Отбор действительно был строгим на всех стадиях. Известно, что для того, чтобы маленький Пушкин был допущен до экзаменов, потребовались все связи его семьи, дворянские корни его явно «не дотягивали» до нужного уровня.
Многие восхищаются тем, каких прекрасных выпускников дал первый выпуск лицея. Кроме Пушкина, достаточно назвать А. М. Горчакова, человека, достигшего вершин государственной службы, оказавшего заметное влияние на ход исторического развития России XIX в. и в то же время сохранившего верность лицейской дружбе.
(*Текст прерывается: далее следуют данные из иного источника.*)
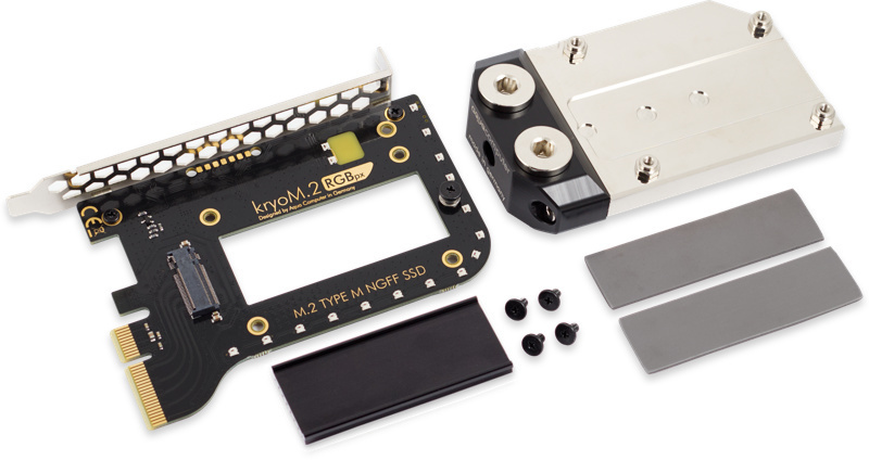 The kryoM.2 RGBpx is a PCIe 5.0 x4 adapter for single sided M.2/M-Key PCIe SSDs and is compatible with the form factor 2280.

А ведь были еще в этом же выпуске декабрист И. И. Пущин, оставивший прекрасные записки о Пушкине и лицее, журналист и поэт А. А. Дельвиг, ставший известным мореплавателем адмирал российского флота Ф. Ф. Матюшкин, Н. А. Корсаков – композитор и поэт, безвременно погибший, сражаясь за независимость Италии, и многие другие.
Прекрасное образование, которое давал лицей, было, прежде всего, результатом тяжелого труда. Надо отметить, что программа обучения была составлена на очень высоком уровне, однако известно много случаев, когда превосходные планы оставались лишь на бумаге. В данном случае их удалось воплотить в жизнь.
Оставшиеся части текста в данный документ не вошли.